___ LISTED ENTRIES

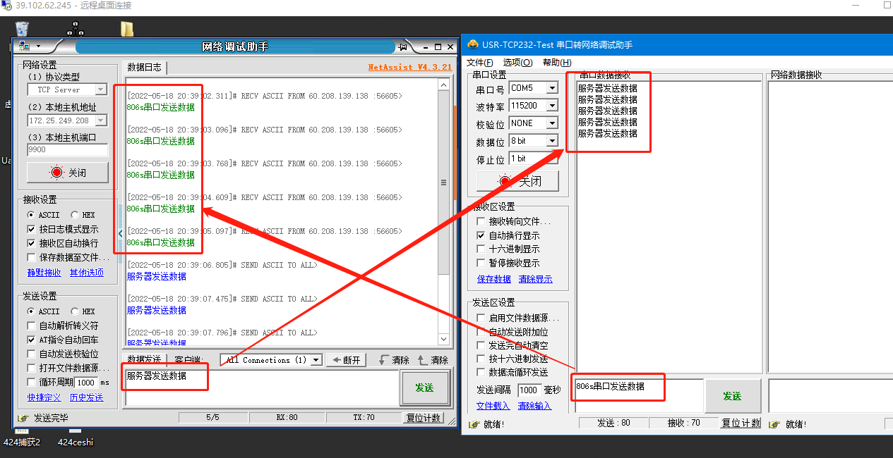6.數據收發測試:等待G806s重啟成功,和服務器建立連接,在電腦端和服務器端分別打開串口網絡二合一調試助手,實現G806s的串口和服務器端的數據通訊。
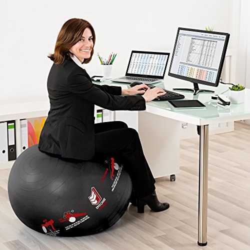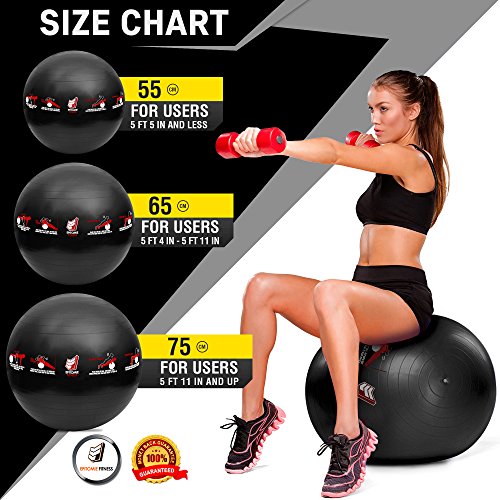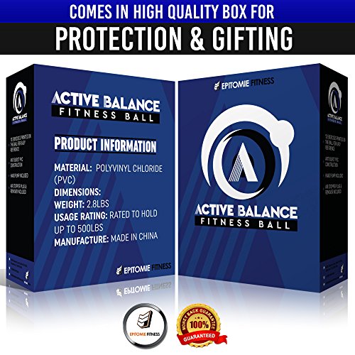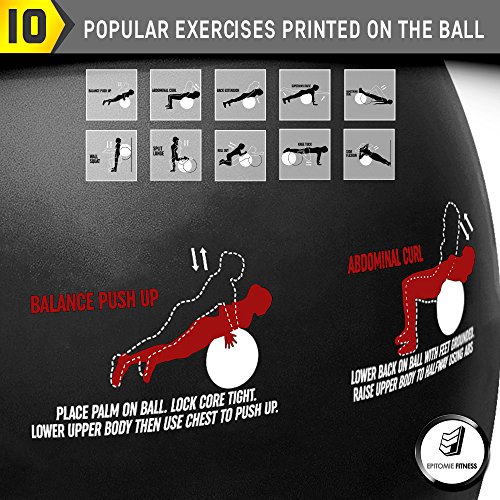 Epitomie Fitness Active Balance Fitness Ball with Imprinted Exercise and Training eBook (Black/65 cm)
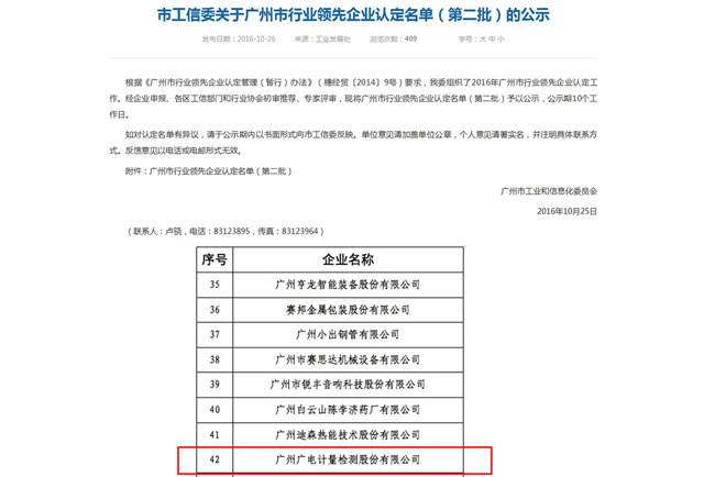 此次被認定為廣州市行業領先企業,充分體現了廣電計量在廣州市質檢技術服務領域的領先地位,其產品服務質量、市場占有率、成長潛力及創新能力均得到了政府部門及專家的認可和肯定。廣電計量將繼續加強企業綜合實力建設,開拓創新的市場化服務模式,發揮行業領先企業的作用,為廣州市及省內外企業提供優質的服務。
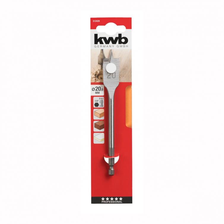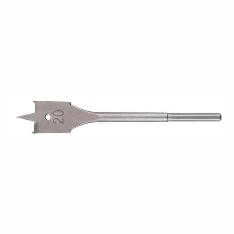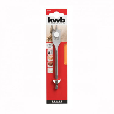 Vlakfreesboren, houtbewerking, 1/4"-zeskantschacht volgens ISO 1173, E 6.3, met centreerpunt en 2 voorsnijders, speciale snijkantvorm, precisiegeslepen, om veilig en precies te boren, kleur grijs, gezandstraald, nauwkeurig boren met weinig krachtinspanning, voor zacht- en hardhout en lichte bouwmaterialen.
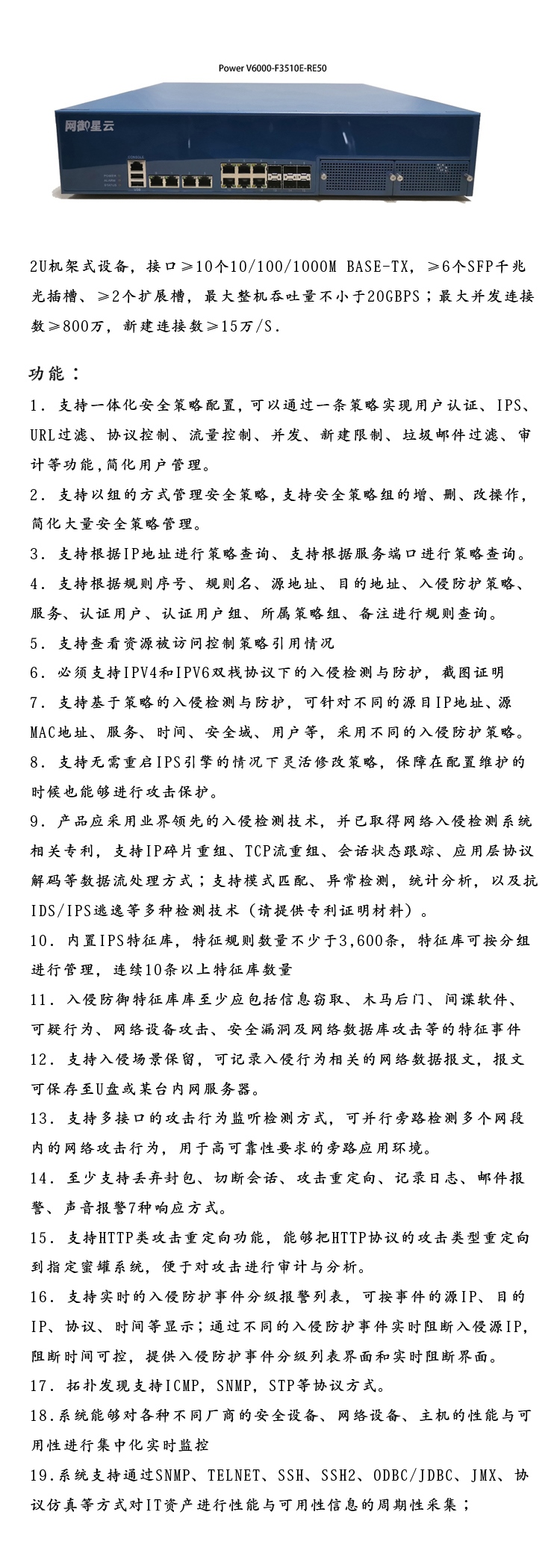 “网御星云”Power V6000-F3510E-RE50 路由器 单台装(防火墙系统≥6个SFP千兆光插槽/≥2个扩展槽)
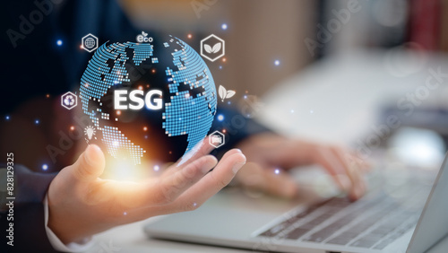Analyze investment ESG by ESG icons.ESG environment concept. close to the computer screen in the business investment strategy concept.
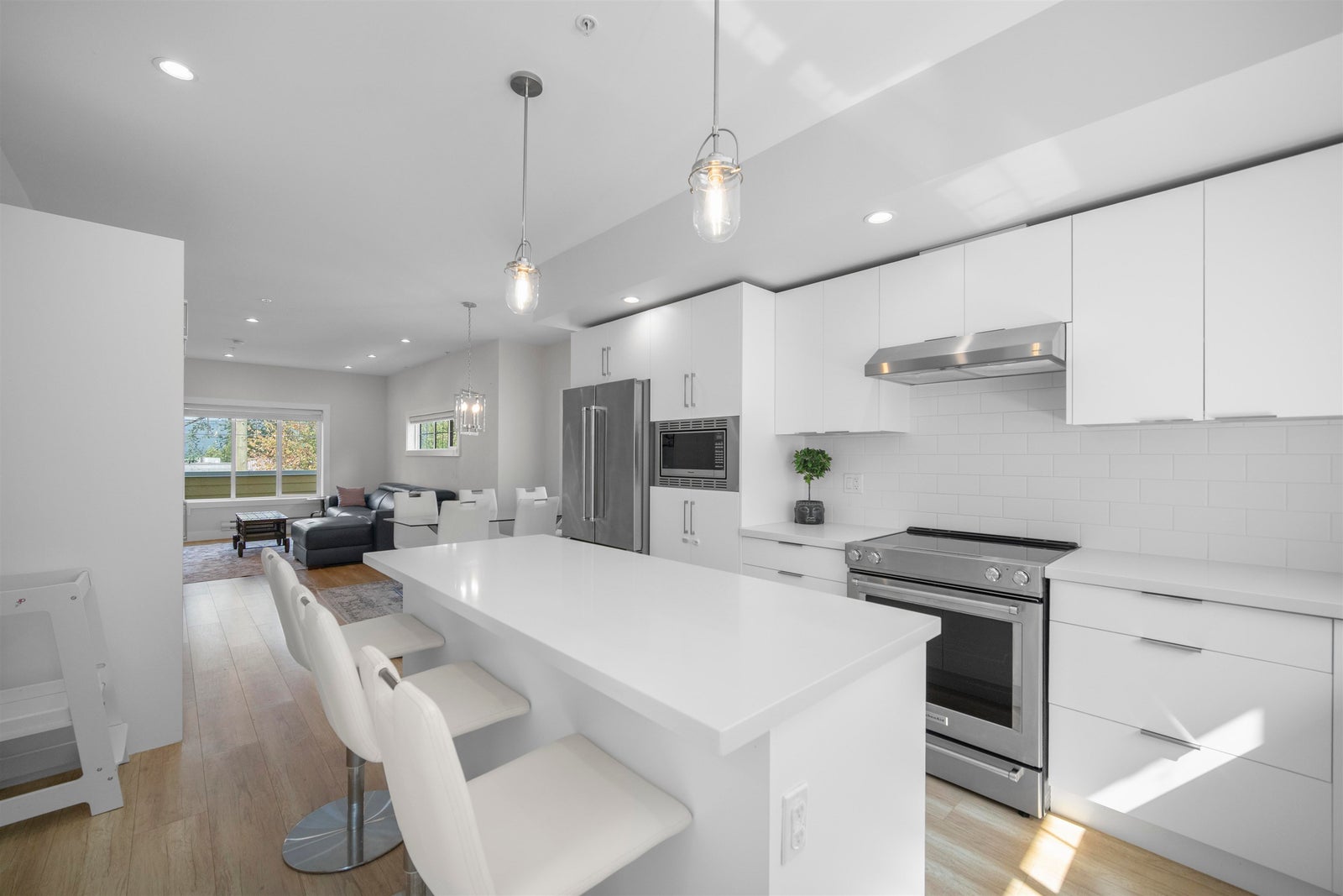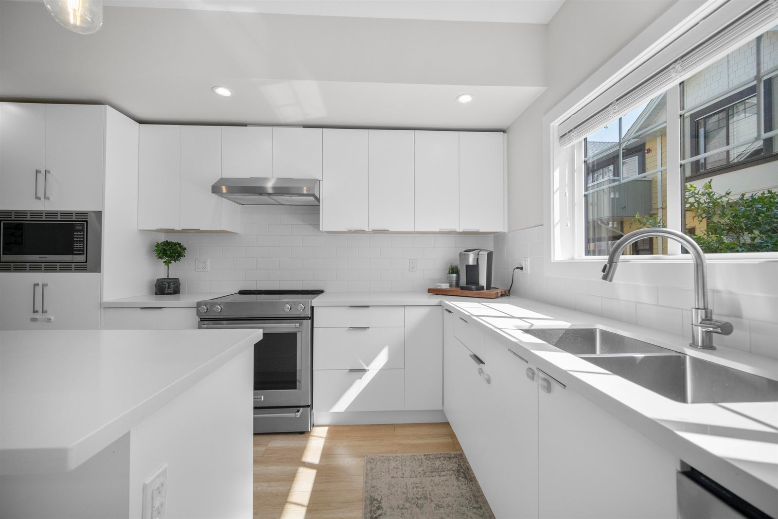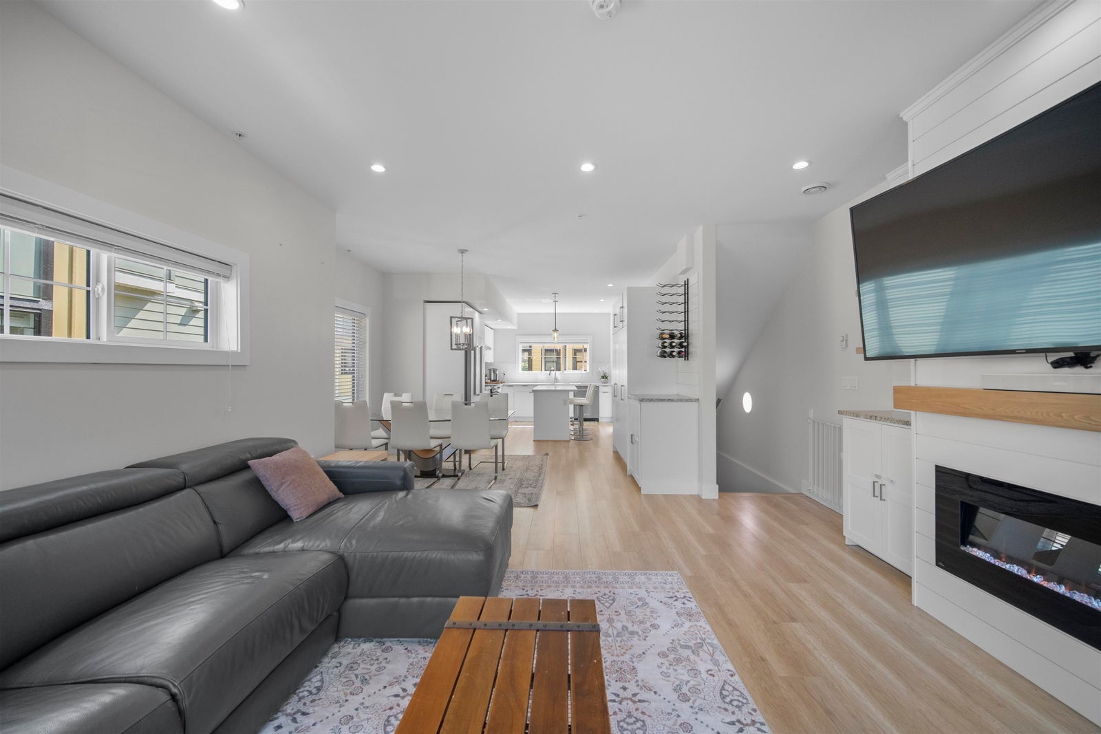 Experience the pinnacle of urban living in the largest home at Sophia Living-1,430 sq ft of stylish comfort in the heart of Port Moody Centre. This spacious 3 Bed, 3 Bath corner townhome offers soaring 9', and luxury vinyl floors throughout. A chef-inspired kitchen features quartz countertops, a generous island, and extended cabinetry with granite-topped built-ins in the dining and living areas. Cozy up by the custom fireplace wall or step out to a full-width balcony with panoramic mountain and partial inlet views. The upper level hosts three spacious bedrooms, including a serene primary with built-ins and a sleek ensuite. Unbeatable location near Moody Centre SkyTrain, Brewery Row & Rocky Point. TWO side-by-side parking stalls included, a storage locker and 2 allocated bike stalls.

______

WHAT IS NEEDED: Only the lines from the start of the records to the one containing "Analyze investment ESG" should be repeated, exactly and with both ends kept; drop any pictures.

TASK RESULT:
6.數據收發測試:等待G806s重啟成功,和服務器建立連接,在電腦端和服務器端分別打開串口網絡二合一調試助手,實現G806s的串口和服務器端的數據通訊。
 Epitomie Fitness Active Balance Fitness Ball with Imprinted Exercise and Training eBook (Black/65 cm)
 此次被認定為廣州市行業領先企業,充分體現了廣電計量在廣州市質檢技術服務領域的領先地位,其產品服務質量、市場占有率、成長潛力及創新能力均得到了政府部門及專家的認可和肯定。廣電計量將繼續加強企業綜合實力建設,開拓創新的市場化服務模式,發揮行業領先企業的作用,為廣州市及省內外企業提供優質的服務。
 Vlakfreesboren, houtbewerking, 1/4"-zeskantschacht volgens ISO 1173, E 6.3, met centreerpunt en 2 voorsnijders, speciale snijkantvorm, precisiegeslepen, om veilig en precies te boren, kleur grijs, gezandstraald, nauwkeurig boren met weinig krachtinspanning, voor zacht- en hardhout en lichte bouwmaterialen.
 “网御星云”Power V6000-F3510E-RE50 路由器 单台装(防火墙系统≥6个SFP千兆光插槽/≥2个扩展槽)
Analyze investment ESG by ESG icons.ESG environment concept. close to the computer screen in the business investment strategy concept.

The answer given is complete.